Extracted data Start Marker
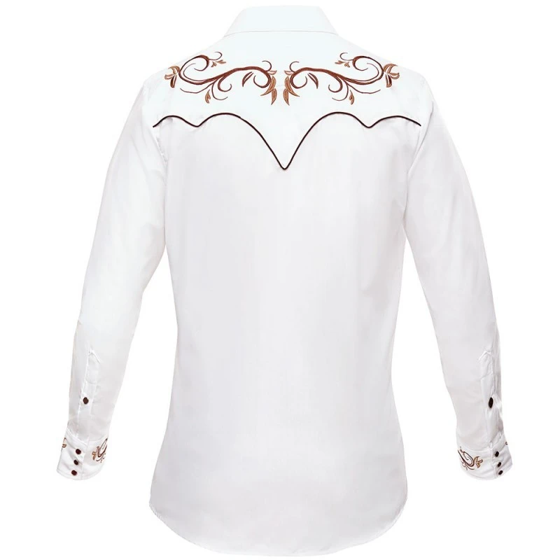 - Camisa blanca moda vaquera de manga larga y corte entallado Rafael Amaya Western Style by Ranger’s, adornada con bordados de estilo mexicano color marrón ocre con ramas y flores en pecho, espalda y puños, y vivos decorativos a juego.
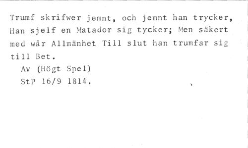 Trumf skrifwer jemnt, och jemnt han trycker, Han sjelf en Matador sig tycker; Men säkert med wär Allmänhet Till slut han trumfar sig till Bet. //// Av (Högt Spel) //// StP 16/9 1814.
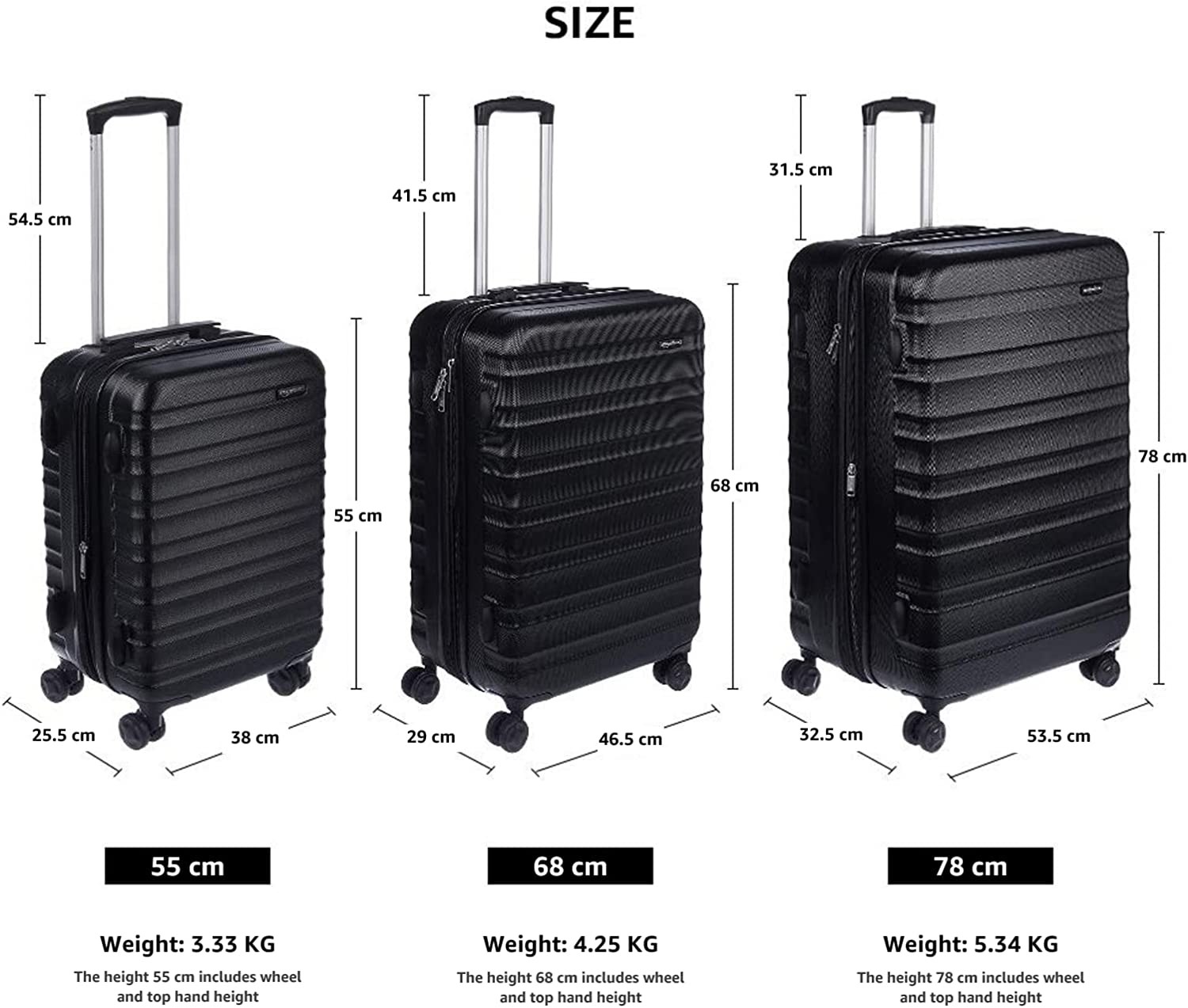 Hardside spinner luggage for work travel, weekend getaways, or as international carry-on Includes a 21-inch hardside spinner with a protective extra-thick ABS hard shell and a scratch resistant black finish 4 double spinner wheels ensure smooth-rolling mobility in any direction Sturdy telescoping handle for comfortable maneuvering and a securely mounted short handle for easy lifting Fully lined 150D-polyester interior organizer with divider, plus 3 zippered pockets for storing smaller items Expandable for up to 15% more packing space when needed Product dimensions: 10 x 14.9 x 22 inches (LxWxH, including wheels); interior dimensions: 9.6 x 13.3 x 18.5 inches (LxWxH)
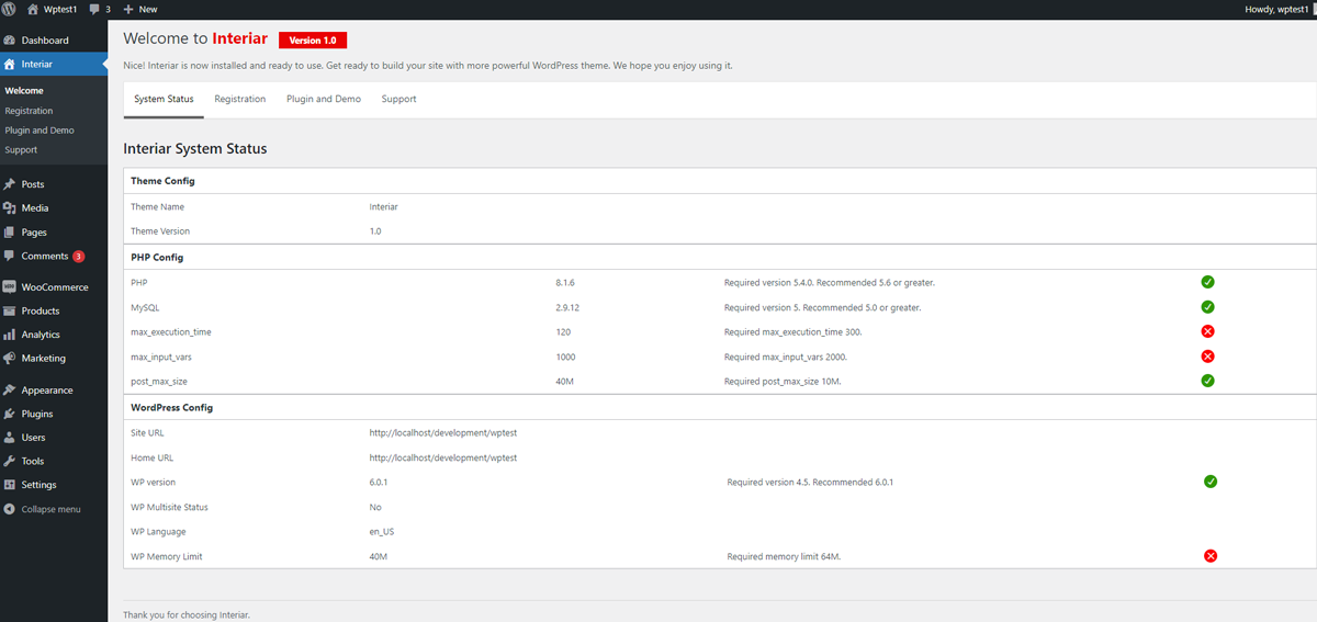 - After the installation/activation of Interiar Core plug-in and the theme activation you will see plug-ins to install tab. Click on the Click and install plugins link or go to Wordpress Dashboard >> Interiar >> plugins and demo here you can install all of our recommended plugins.
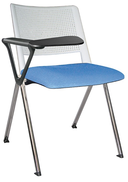 La parte superior del apoyabrazos tiene la particularidad de girar sobre su eje. En la posición vertical permite el apilamiento de la silla con sus brazos, también posible en la versión brazo con paleta.
Extracted data End Marker
### Your objective
Give again, please, precisely the lines that begin the records and run through the line with "- After the" in it, keeping both end lines and dropping any pictures.

### Response area
 - Camisa blanca moda vaquera de manga larga y corte entallado Rafael Amaya Western Style by Ranger’s, adornada con bordados de estilo mexicano color marrón ocre con ramas y flores en pecho, espalda y puños, y vivos decorativos a juego.
 Trumf skrifwer jemnt, och jemnt han trycker, Han sjelf en Matador sig tycker; Men säkert med wär Allmänhet Till slut han trumfar sig till Bet. //// Av (Högt Spel) //// StP 16/9 1814.
 Hardside spinner luggage for work travel, weekend getaways, or as international carry-on Includes a 21-inch hardside spinner with a protective extra-thick ABS hard shell and a scratch resistant black finish 4 double spinner wheels ensure smooth-rolling mobility in any direction Sturdy telescoping handle for comfortable maneuvering and a securely mounted short handle for easy lifting Fully lined 150D-polyester interior organizer with divider, plus 3 zippered pockets for storing smaller items Expandable for up to 15% more packing space when needed Product dimensions: 10 x 14.9 x 22 inches (LxWxH, including wheels); interior dimensions: 9.6 x 13.3 x 18.5 inches (LxWxH)
 - After the installation/activation of Interiar Core plug-in and the theme activation you will see plug-ins to install tab. Click on the Click and install plugins link or go to Wordpress Dashboard >> Interiar >> plugins and demo here you can install all of our recommended plugins.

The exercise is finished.